An In­tro­duc­tion to Word Em­bed­dings a talk by Galuh Sahid

Friday, 14 June, 15:00 in Club

France is to Paris like Czech Republic is to _.” If I ask you to fill the blank, you would answer “Prague” right away even without me giving a clue such as “the answer is a capital city”. Our existing knowledge enables us to determine that France and Paris has a Country – Capital City connection and that the Czech Republic’s capital city is Prague, so that must be the answer.

However, computers don’t know that Prague belongs to the same “category” as Paris and other capital cities unless we tell them so. If we want to get computers to understand human language as well as we do, there are way too many things that we need to teach computers explicitly. Is there a better way?

With word embeddings, we represent words by a series of numbers. This opens up a whole new world for computers because now they can understand the context of a word and infer relationships between words using numbers and maths — the language they are proficient in. We’ll delve into the details of what word embeddings actually are, popular word embedding algorithms, what problems you can solve using word embeddings, and how you can use word embeddings with Python.
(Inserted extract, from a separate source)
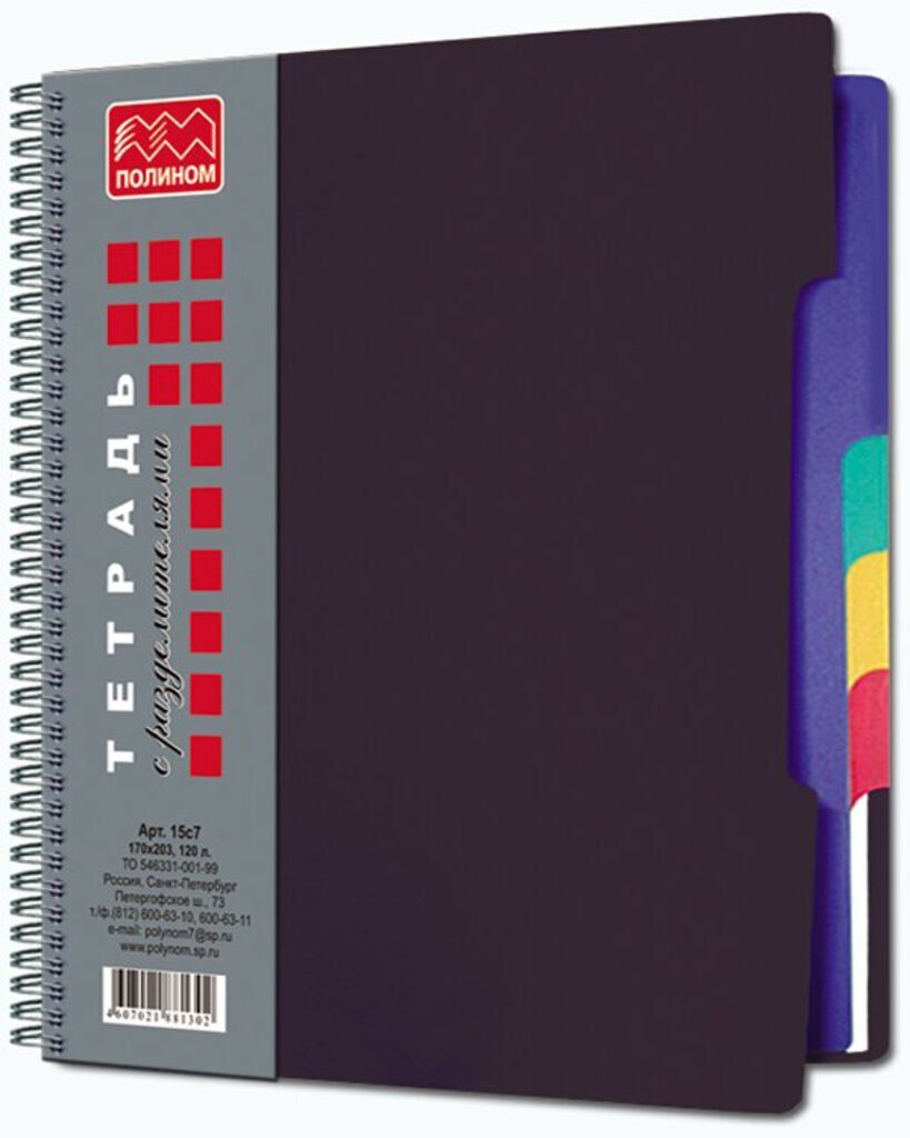 Тетрадь А5 120л кл. гребень Полином "Черная" с цв.разделителями, БЕЗ ПОЛЕЙ

This talk is suitable for both beginner and advanced Pythonistas.
Is part of the PyData track

Galuh Sahid

My love of both data and coding leads me to my current work as a data engineer at GOJEK, one of Indonesia’s unicorn startup companies. I love getting insights from data, especially unstructured texts, which I heavily used in my past researches on predicting donation campaign and automatically categorizing Indonesian e-commerce websites. I also co-organize PyLadies Indonesia and this year’s edition of Global Diversity CFP Day in Jakarta. When not coding, you can find me reading, sketching, or studying Python’s internals & quirks.